ASA Connect

 View Only
  • 1.  new Census Bureau privacy policy

    Posted 12-06-2018 23:02
    The US Census Bureau has announced that it's planning to use differential privacy methods to achieve data privacy. I've long had concerns about DP, and have worried that its effect could be devastating to research in everything from education to poverty to public health. Coincidentally, this morning I received a message from IPUMS, an organization aimed at making it easier for researchers to access Census data. IPUMS is also concerned that DP could be a blow to research.

    DP is a fancier, more abstracted version of Random Data Perturbation methods. The basic problem with them and DP is that, if noise is added only in univariate forms, correlation structures between variables become attenuated. Earlier forms of DP, to my knowledge, did not address this crucial issue. Though I've seen some recent papers that at least refer to multivariate forms of DP, again to my limited knowledge, there is no good, developed, practically useful form for this.

    I know that some CB people read this forum, so I would like to ask what the CB has one to ensure that, for instance, a researcher will still be able to obtain useful estimates of regression coefficients under the new scheme. I'm well aware that any method has its drawbacks, but what can we expect from the new policy?

    This is extremely important.

    ------------------------------
    Norman Matloff
    University of California, Davis
    ------------------------------


  • 2.  RE: new Census Bureau privacy policy

    Posted 12-07-2018 07:33
    Here is a link to an excellent analysis of this policy by those around IPUMS (full disclosure, I have collaborated with them, and with John Abowd who is the main advocate.  It could make the 2020 Census and the American Community Survey virtually useless for many analyses.

     https://assets.ipums.org/_files/mpc/MPC-Working-Paper-2018-6.pdf

    Implications of Differential Privacy for Census Bureau Data and Research Task Force on Differential Privacy for Census Data

    Institute for Social Research and Data Innovation (ISRDI) University of Minnesota

    The Census Bureau has announced a new set of standards and methods for disclosure control in public use data products. The new approach, known as differential privacy, represents a radical departure from current practice. In its pure form, differential privacy techniques may make the release of useful microdata impossible and severely limit the utility of tabular small-area data. Adoption of differential privacy will have far-reaching consequences for research. It is possible-even likely-that scientists, planners, and the public will lose the free access we have enjoyed for six decades to reliable public Census Bureau data describing American social and economic change. We believe that the differential privacy approach is inconsistent with the statutory obligations, history, and core mission of the Census Bureau.

     



    ------------------------------
    Andrew Beveridge
    Professor of Sociology
    Queens and Grad Center CUNY
    ------------------------------



  • 3.  RE: new Census Bureau privacy policy

    Posted 03-12-2019 12:58

    Counter example for logic used to protect census 2020 data by Differential Privacy Mechanism

    Before I begin, let me ask you one question. What is more important a) preserving individual privacy or b) preserving individual human life?  Of course preserving individual human life is far more important than preserving individual privacy.

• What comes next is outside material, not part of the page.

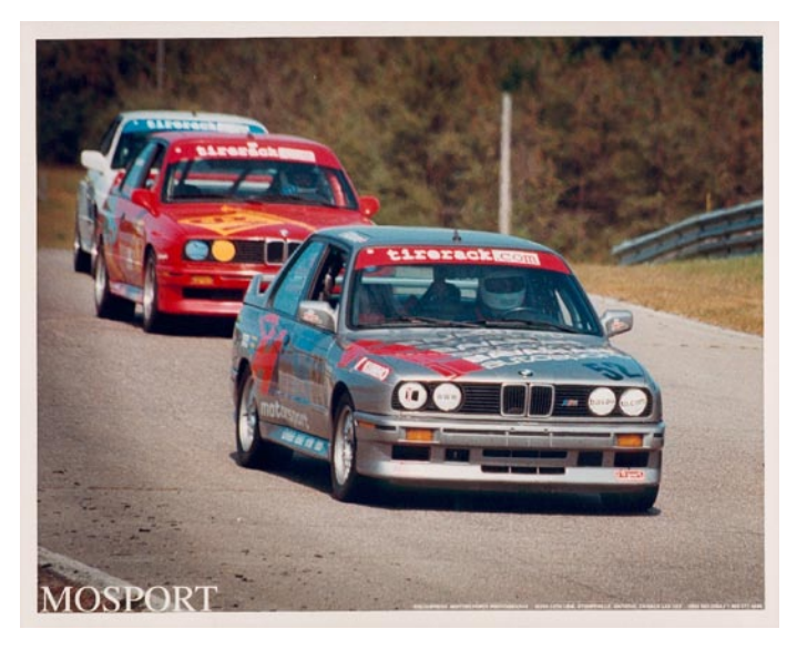
Club racing weekend at Mosport near Toronto, Canada

A few years ago, I ran in a club racing weekend at Mosport near Toronto, Canada. I don't have a lot of money to spend on racing and usually try to do it as cheaply as possible and still be competitive. Some of you would say that's impossible and actually, I can't disagree. Anyway, this weekend of racing ended with an enduro. My co-driver and I were positioned for a class win if we could find a way to get ahead of a team of experienced racers and deep pockets, also driving a BMW E30 M3.

    Now let us apply the "zero risk" reasoning used to protect individual privacy in census 2020 data; to the decision to preserve individual life from events such as a) tornados b) flooding c) potential nuclear attack.

    To protect individual human life from events such as these, the ultimate (almost) zero risk solution is to force individuals to live in harden concrete bunkers (to protect from extreme tornados and potential nuclear attack) constructed 100 feet above ground level (to protect from extreme flooding).  

    I am sure none of you will agree with me on above proposed solution to the perceived threats to individual human life. The reason for that is I have failed to take in to considerations aspects such as a) probabilities of occurrence of events and b) total cost of implementation of proposed solutions along with degradation of quality of human life.

    Current proposed method to protect individual privacy in 2020 census fails to consider probability of occurrence of extreme attacks and cost benefit analysis of using extreme solution typical of differential privacy mechanism.  Instead, new laws and or regulations should be used to protect from perceived threat to individual privacy.

    Ramesh A Dandekar

    Retired



    ------------------------------
    Ramesh Dandekar
    Math Stat - Retired
    ------------------------------



  • 4.  RE: new Census Bureau privacy policy

    Posted 03-13-2019 11:36
    I've had experience using census block data (for marketing) and it is down to pretty small populations AND the data's availability is widespread. 

    If ICE (or any other agency) had access to that data they could easily target small neighborhoods for immigration raids. So, there are some serious privacy issues here.

    ------------------------------
    Michael Mout
    MIKS
    ------------------------------



  • 5.  RE: new Census Bureau privacy policy

    Posted 03-14-2019 08:24

    Echoing Michael Mout's concerns (I seem to do that a lot...), I too have used block-level census for marketing over many years. In fact, this very experience with Census block data has proved tremendously useful in my Data For Good work as well. One example is found in research on human trafficking, where a model identifying regressors at a state level was applied to neighborhoods within a specific metropolitan area (Cincinnati). This method enables targeting of specific areas for action by law enforcement to fight human trafficking. 

    The technology Michael Mout describes already exists, used in a different legal context for community service. It could easily be misapplied to target the instance Michael describes. The privacy issues here are real. As a question of ethics, the statistical community needs to consider the impact of taking technology developed for community service and re-applying it to harm communities instead.   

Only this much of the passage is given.